Materials and methods

Test guideline
Qualifier:
according to
Guideline:
OECD Guideline 442C (In Chemico Skin Sensitisation: Direct Peptide Reactivity Assay (DPRA))
Version / remarks:
2015
Deviations:
no
GLP compliance:
yes (incl. certificate)
Type of study:
direct peptide binding assay

Test material

Reference
Name:
Unnamed
Type:
Constituent
Test material form:
solid: particulate/powder
Details on test material:
- Appearance: White powder
Specific details on test material used for the study:
Chemical name (IUPAC), synonym or trade name: 2-acetamido-N-benzyl-3-methoxy-propanamide
CAS Number: 175481-26-2
Molecular formula C13H18N2O3
Molecular weight 250.3 g/mol

In chemico test system

Details on study design:
Skin sensitisation (In chemico test system) - Details on study design:
Test item preparation: No correction was made for the purity/composition of the test item.
Solubility of the test item was assessed before performing the DPRA assay.
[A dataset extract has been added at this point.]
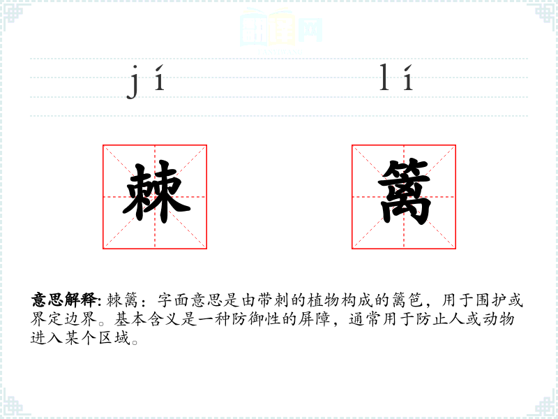 棘篱:字面意思是由带刺的植物构成的篱笆,用于围护或界定边界。基本含义是一种防御性的屏障,通常用于防止人或动物进入某个区域。

An appropriate solvent dissolved the test item completely, i.e. by visual inspection the solution had to be not cloudy nor have noticeable precipitate. The following solvent was evaluated: acetonitrile (ACN).
Test item stock solutions were prepared freshly for each reactivity assay.
For the cysteine reactivity assay 18.61 mg of the test item was pre-weighed into a clean amber glass vial and dissolved, just before use, in 790 µL ACN to obtain a 100 mM solution. Visual inspection of the forming of a clear solution was considered sufficient to ascertain that the test item was dissolved. The test item, positive control and peptide samples were prepared less than 4 hours before starting the incubation of the cysteine (cys) reactivity assay.
For the lysine reactivity assay 30.55 mg of the test item was pre-weighed into a clean amber vial and dissolved, just before use, in 1221 µL ACN to obtain a 100 mM solution. Visual inspection of the forming of a clear solution was considered sufficient to ascertain that the test item was dissolved. The test item, positive control and peptide samples were prepared less than 4 hours before starting the incubation of the lysine (lys) reactivity assays.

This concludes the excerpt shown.